=== Dataset ===
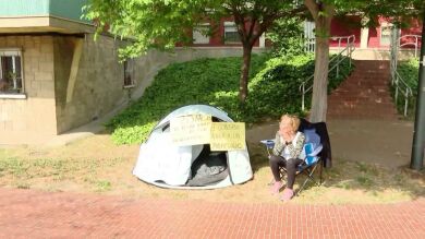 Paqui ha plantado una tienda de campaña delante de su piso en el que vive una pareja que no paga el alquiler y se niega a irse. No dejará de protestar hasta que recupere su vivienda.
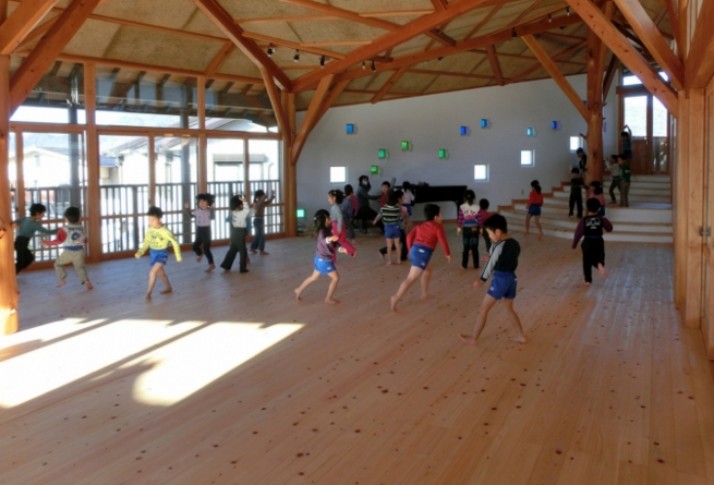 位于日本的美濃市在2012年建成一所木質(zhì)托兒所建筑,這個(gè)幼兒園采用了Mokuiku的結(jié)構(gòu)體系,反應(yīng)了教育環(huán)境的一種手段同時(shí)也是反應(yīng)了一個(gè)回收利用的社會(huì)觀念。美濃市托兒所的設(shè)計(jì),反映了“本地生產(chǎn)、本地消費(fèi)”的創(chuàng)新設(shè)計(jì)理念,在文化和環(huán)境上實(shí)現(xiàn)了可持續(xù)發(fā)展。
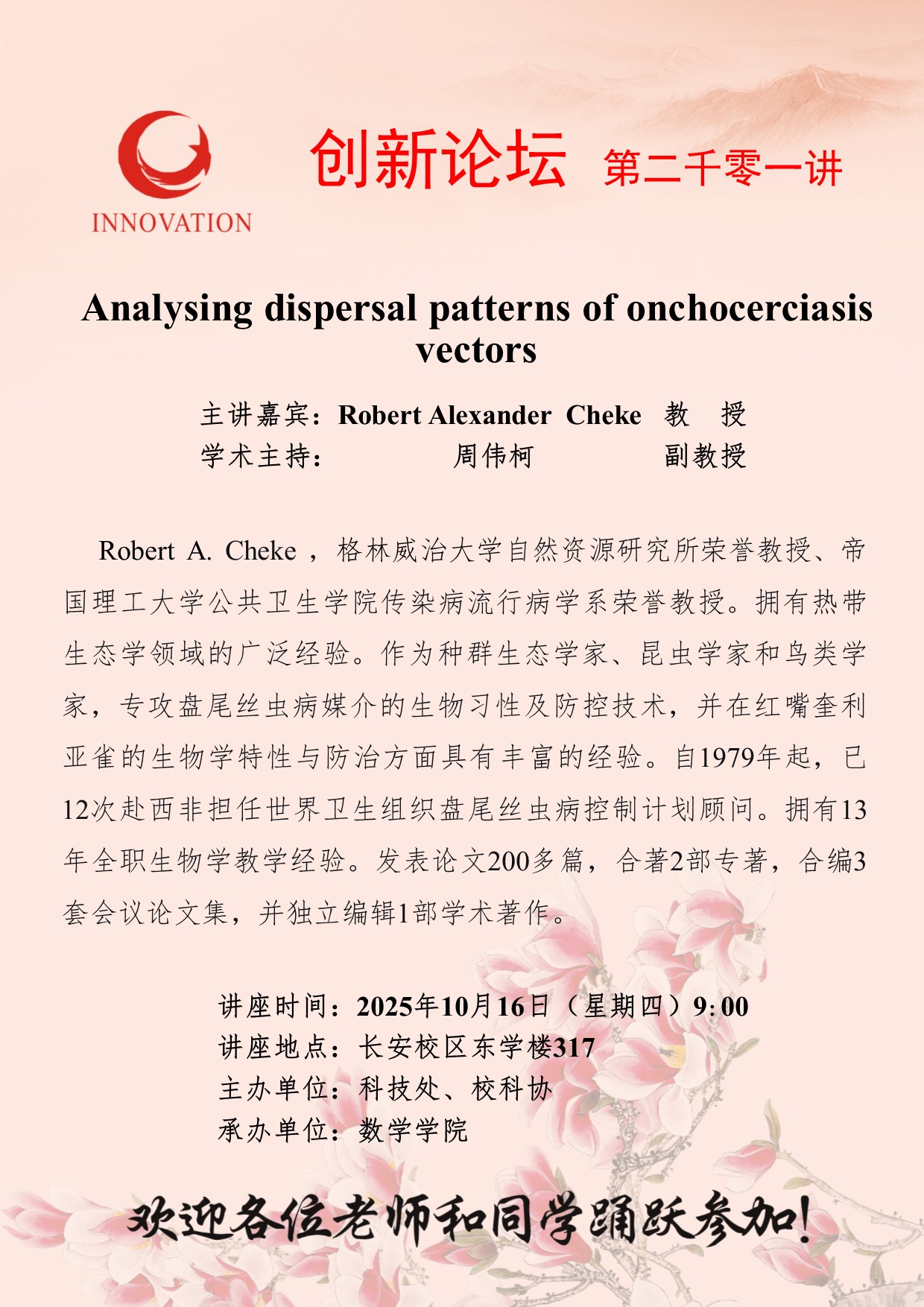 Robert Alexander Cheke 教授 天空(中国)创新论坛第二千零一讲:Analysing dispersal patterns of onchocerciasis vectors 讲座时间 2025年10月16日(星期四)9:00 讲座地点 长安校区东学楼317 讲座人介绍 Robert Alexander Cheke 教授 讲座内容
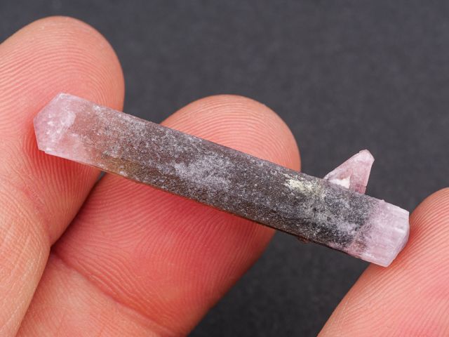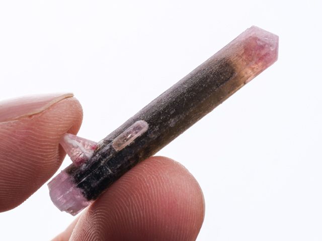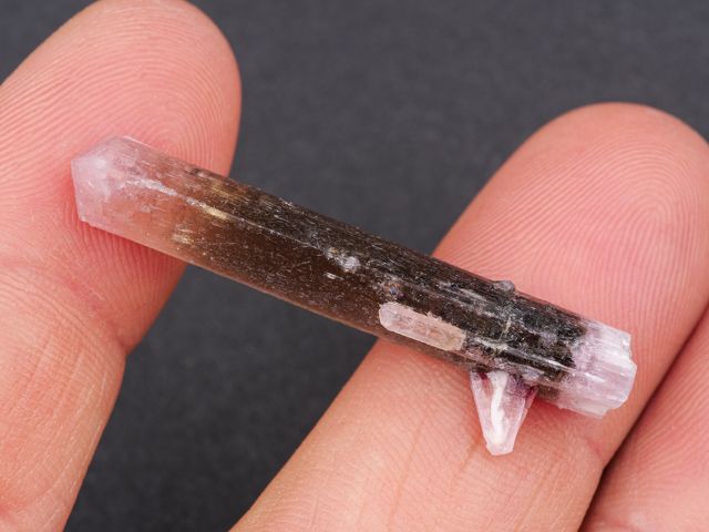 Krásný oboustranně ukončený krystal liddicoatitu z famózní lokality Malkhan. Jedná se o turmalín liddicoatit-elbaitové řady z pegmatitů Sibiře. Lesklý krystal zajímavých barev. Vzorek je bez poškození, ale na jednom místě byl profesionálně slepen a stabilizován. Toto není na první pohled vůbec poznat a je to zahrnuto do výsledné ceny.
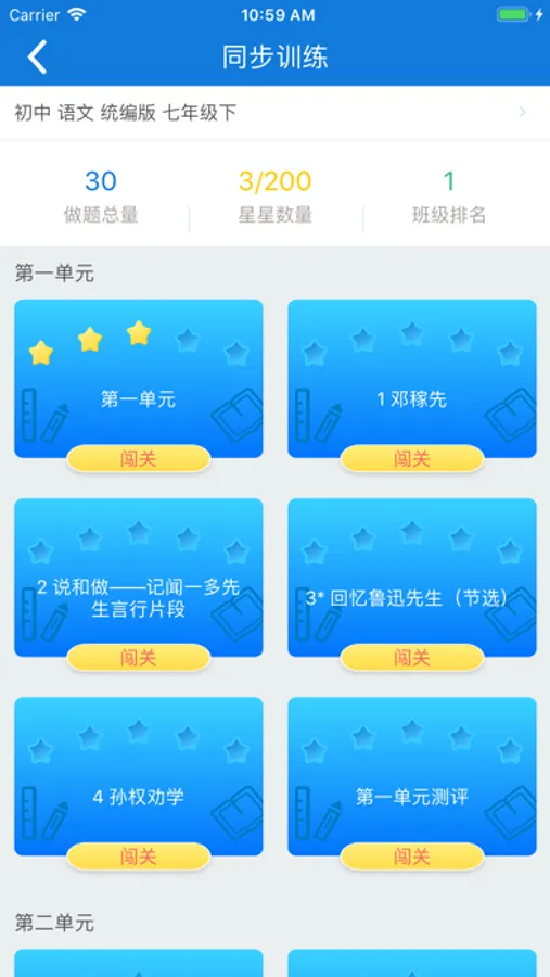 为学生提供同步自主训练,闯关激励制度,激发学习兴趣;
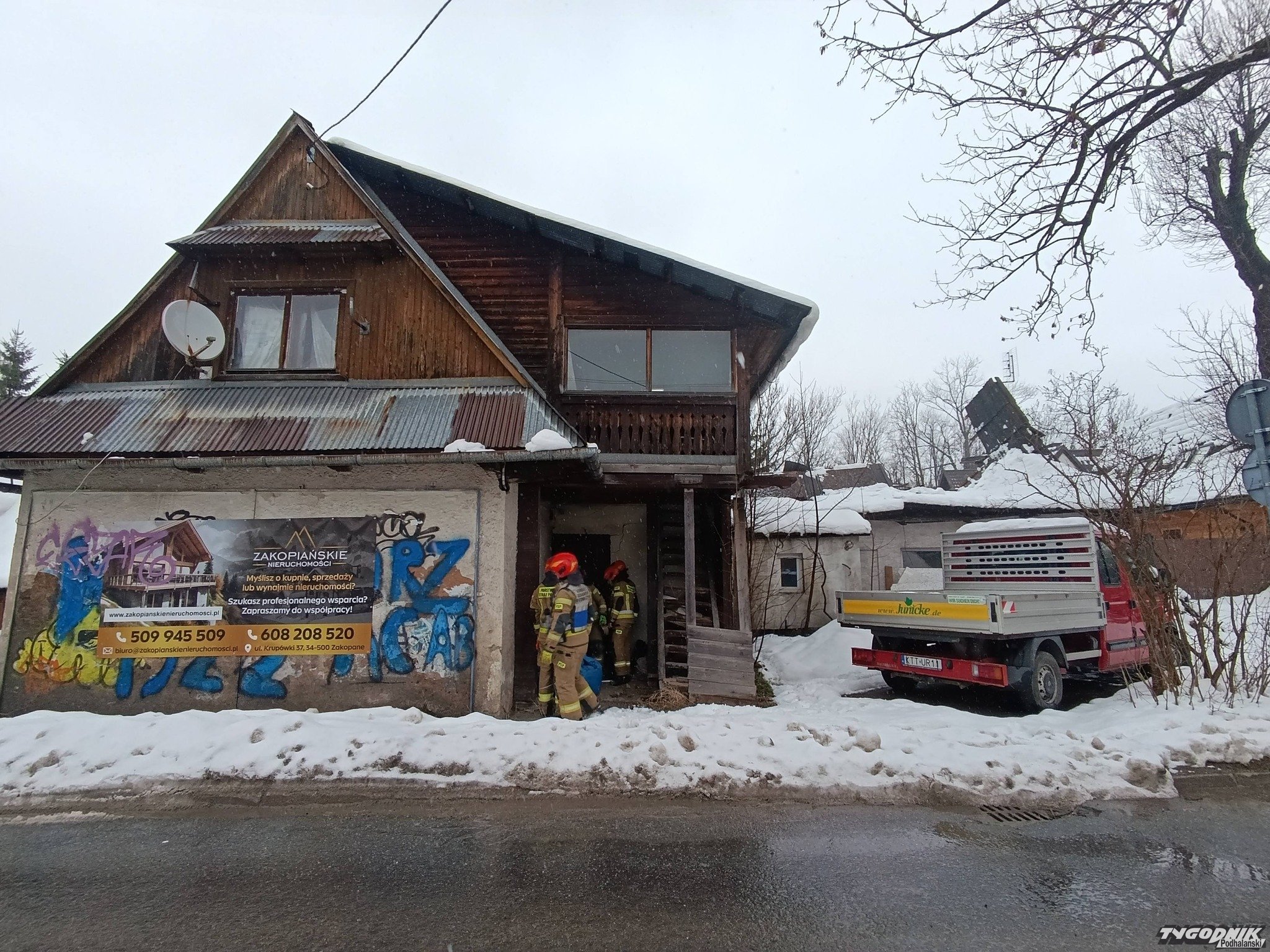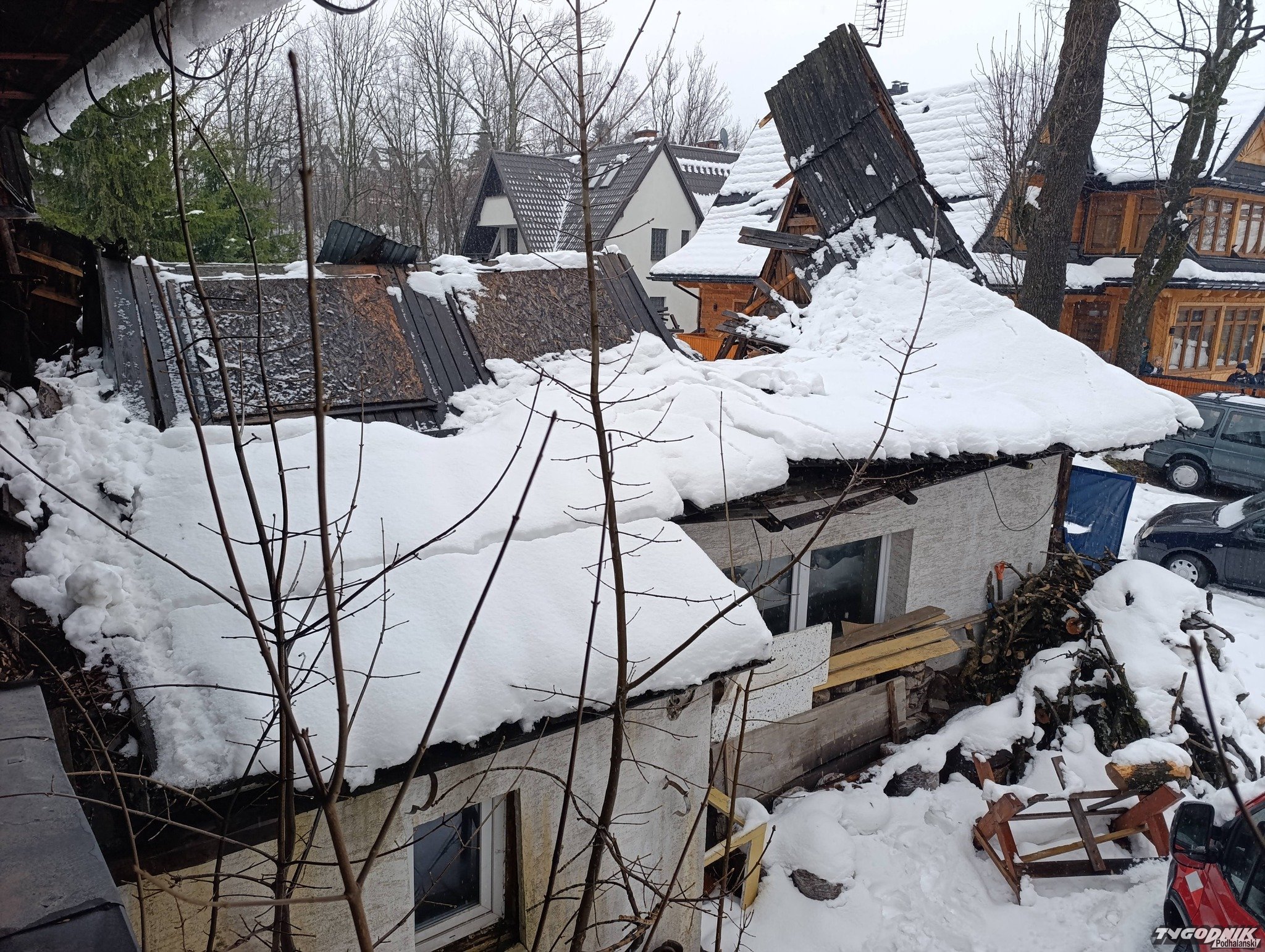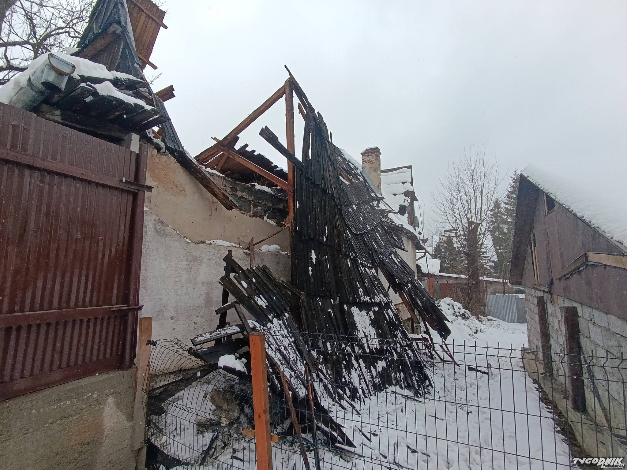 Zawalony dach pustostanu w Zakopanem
===
## What you are asked to do
Quote every record above exactly, omitting any pictures they contain.

## Answer to this exercise
 Paqui ha plantado una tienda de campaña delante de su piso en el que vive una pareja que no paga el alquiler y se niega a irse. No dejará de protestar hasta que recupere su vivienda.
 位于日本的美濃市在2012年建成一所木質(zhì)托兒所建筑,這個(gè)幼兒園采用了Mokuiku的結(jié)構(gòu)體系,反應(yīng)了教育環(huán)境的一種手段同時(shí)也是反應(yīng)了一個(gè)回收利用的社會(huì)觀念。美濃市托兒所的設(shè)計(jì),反映了“本地生產(chǎn)、本地消費(fèi)”的創(chuàng)新設(shè)計(jì)理念,在文化和環(huán)境上實(shí)現(xiàn)了可持續(xù)發(fā)展。
 Robert Alexander Cheke 教授 天空(中国)创新论坛第二千零一讲:Analysing dispersal patterns of onchocerciasis vectors 讲座时间 2025年10月16日(星期四)9:00 讲座地点 长安校区东学楼317 讲座人介绍 Robert Alexander Cheke 教授 讲座内容
 Krásný oboustranně ukončený krystal liddicoatitu z famózní lokality Malkhan. Jedná se o turmalín liddicoatit-elbaitové řady z pegmatitů Sibiře. Lesklý krystal zajímavých barev. Vzorek je bez poškození, ale na jednom místě byl profesionálně slepen a stabilizován. Toto není na první pohled vůbec poznat a je to zahrnuto do výsledné ceny.
 为学生提供同步自主训练,闯关激励制度,激发学习兴趣;
 Zawalony dach pustostanu w Zakopanem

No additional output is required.